You are viewing a plain text version of this content. The canonical link for it is here.

Posted to users@nifi.apache.org by Jean-Sebastien Vachon <js...@brizodata.com> on 2019/10/03 01:25:27 UTC

Weird behaviour

Hi all,

First thing first... sorry for the long post but my Nifi instance (1.9.1) started to behave weird (according to my experience at least) this afternoon and I'm struggling to determine the cause of the problem (and fix it)
All processors are stopped and I have about 205k flows queued in a single queue as illustrated below.

[cid:1c8868f8-4527-4d5c-86f7-c35a16116385]

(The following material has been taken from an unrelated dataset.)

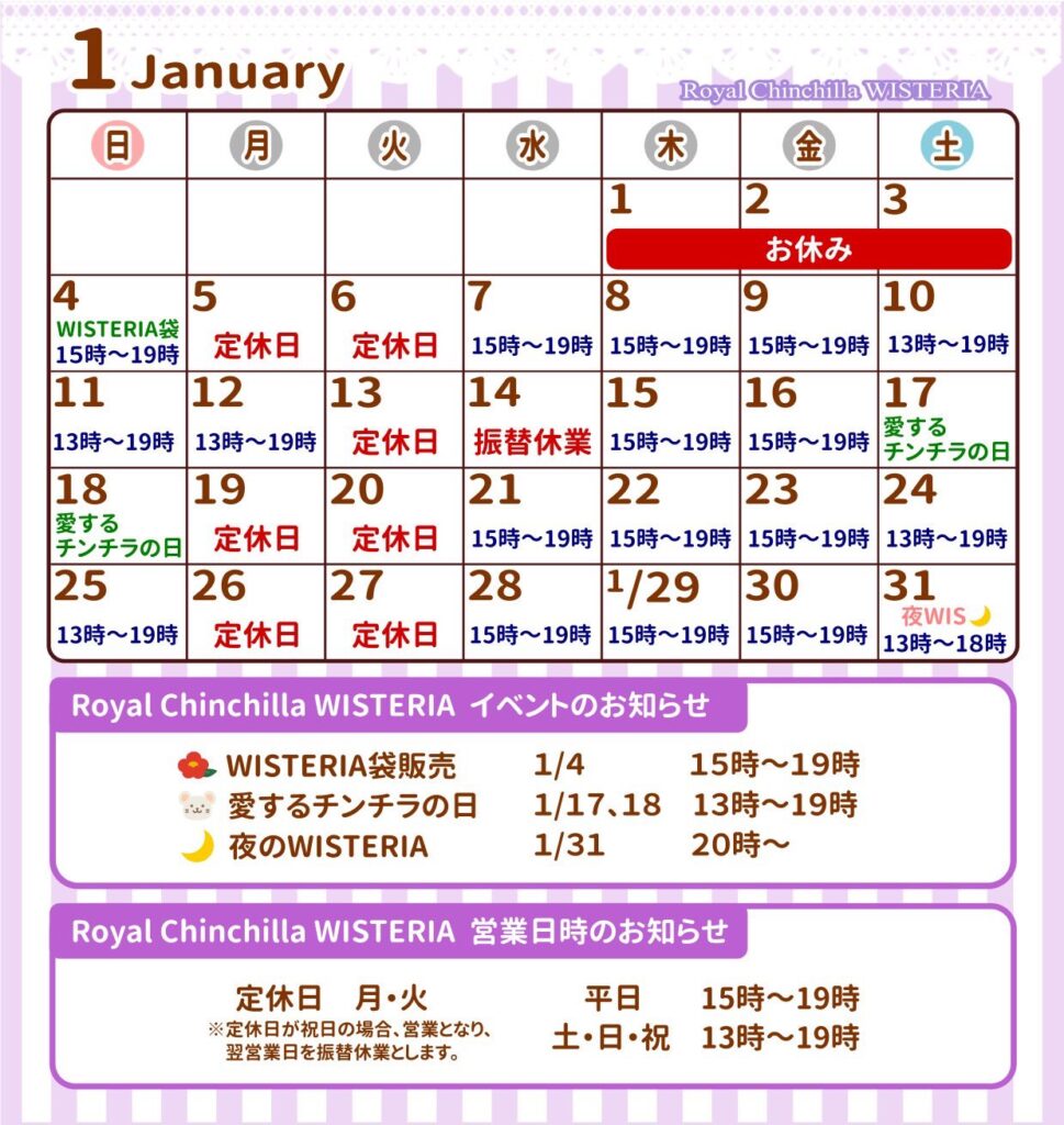 ロイヤルチンチラWISTERIAは1月12日(月)は祝日営業し、その振替で14日(水)は休業いたします。

The process "SaveToDB" seems to be causing some issues. It actually does a few more things than saving to the DB so this module was implemented as an ExecuteStreamCommand processor using Python3.
This module hasn't changed in quite some time and this is the first time I'm having issues around it. Whenever I start it (even with only 1 thread), Nifi start to show the following message...

[cid:e107a064-c536-42c7-9ae9-4b88fbce3e93]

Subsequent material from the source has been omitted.